Изяслав затравленно оглянулся по сторонам. Не было мыслей ни о величии, ни о могуществе, ни о сидении в Киеве, он готов был тотчас же бежать куда глаза глядят, в чистое поле, бросаться в бой хоть против самого дьявола, лишь бы только не слышать этих страшных людей, которые требовали от него нового братоубийства, забыв о том, что всего лишь год назад здесь уже был убит князь Игорь и убийство это неистребимым пятном пало на него, Изяслава. Он посмотрел на Войтишича, самого спокойного и невозмутимого из всех, взглядом просил спасения у старого воеводы, у человека, который служил многим князьям, умел служить, на любой случай мог бы вспомнить что-нибудь из своей бурной, запутанной, но в конечном счете героической жизни.

- Что скажешь, воевода?

- Да будь оно все проклято, - ответил Войтишич. - Князек этот заработал себе смерть и заслуживает уничтожения.
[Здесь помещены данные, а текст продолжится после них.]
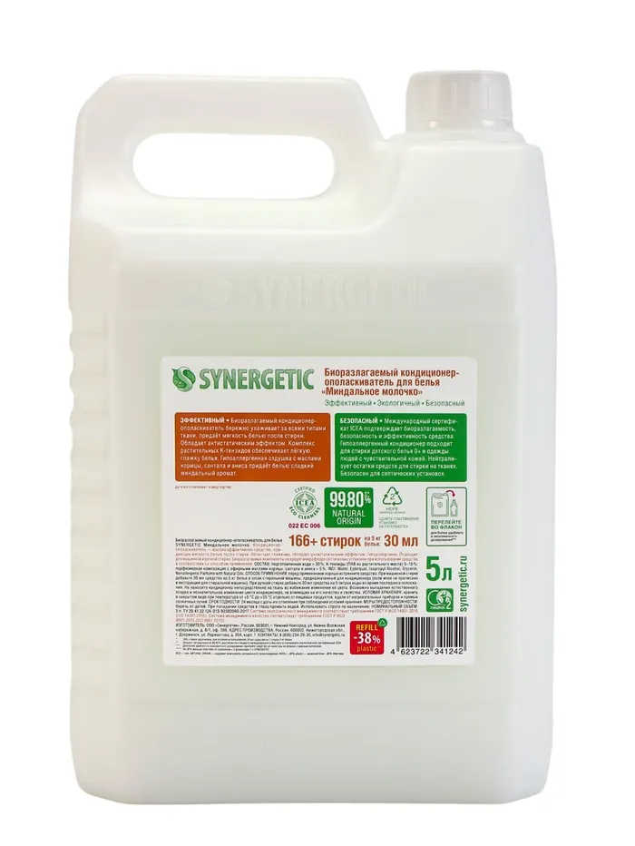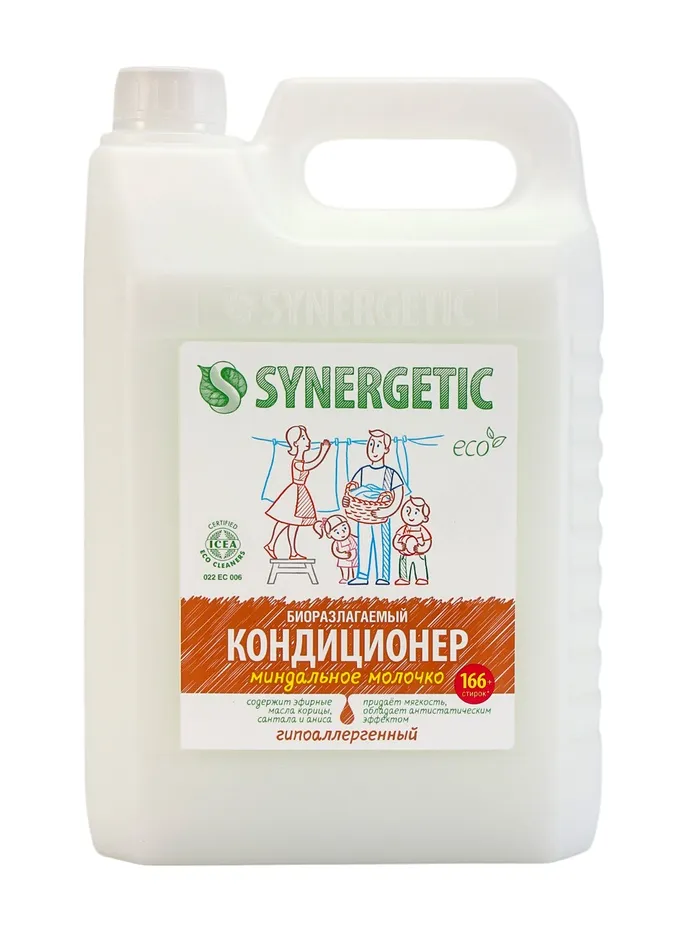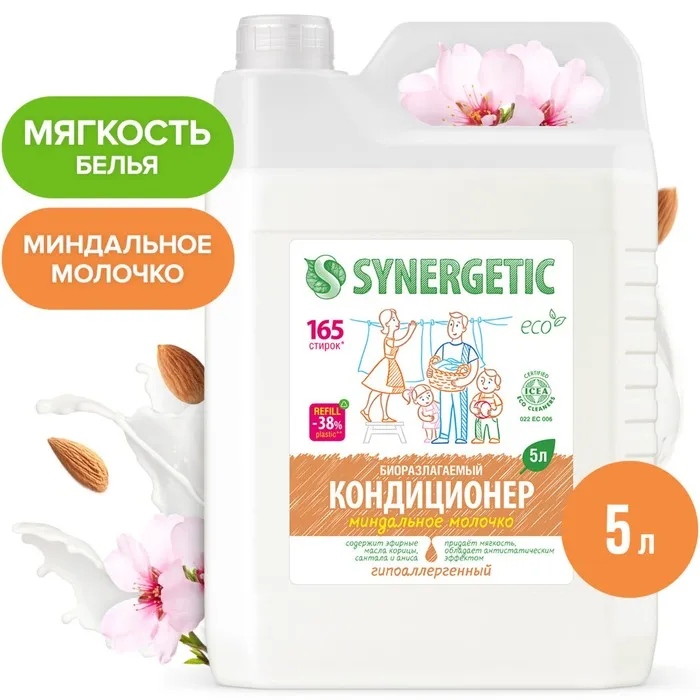Кондиционер-ополаскиватель для белья Synergetic "Миндальное молочко",гипоаллергенный,биоразлагаемый, 5 л

- Забыли про Игоря, - мрачно промолвил Изяслав. - Опозорили Киев, запятнали мою честь, допустив это убийство, это преступление. Теперь хотите еще?

- К слову пришлось, будь оно проклято. Не говорю же убивать, говорю: заслужил. А ты не держи его здесь на свою голову, прогони к Юрию, да будь оно все проклято!

- Ты прогони так, как умеет прогонять наш святой Киев, сын мой, заплакал Плаксий. - Сорви с него все богатство, оружие и коней отними, дружину в железо возьми да разведи по всем городам и брось в темницу.

- Как это деды и прадеды наши учиняли, - подбросил Никола Старый.

- И киевлян позови, чтоб посмотрели, будь оно проклято все, засмеялся Войтишич. - Потому как не сам Ростислав тебе страшен, а Долгорукий. Ибо Ростислав обещал киевлянам, что придет сюда отец его Долгорукий и войдет в Киев, лишь бы только бог помог. Вот пускай и поглядит, кому бог помогает, будь оно проклято.

- Негоже чинишь, воевода, проклиная бога, - перекрестился Изяслав.

- Княже, - поднимая братию, сказал на прощание Никола Старый, - с богом мы все заодно. Верим в бога, в людей же верить не следует, потому как это все едино что верить воде, подмерзшей ночью, верить уснувшей змее, обломку меча или недавно засеянному полю. Надлежит тебе искупить свою чрезмерную доверчивость, а мы с тобой.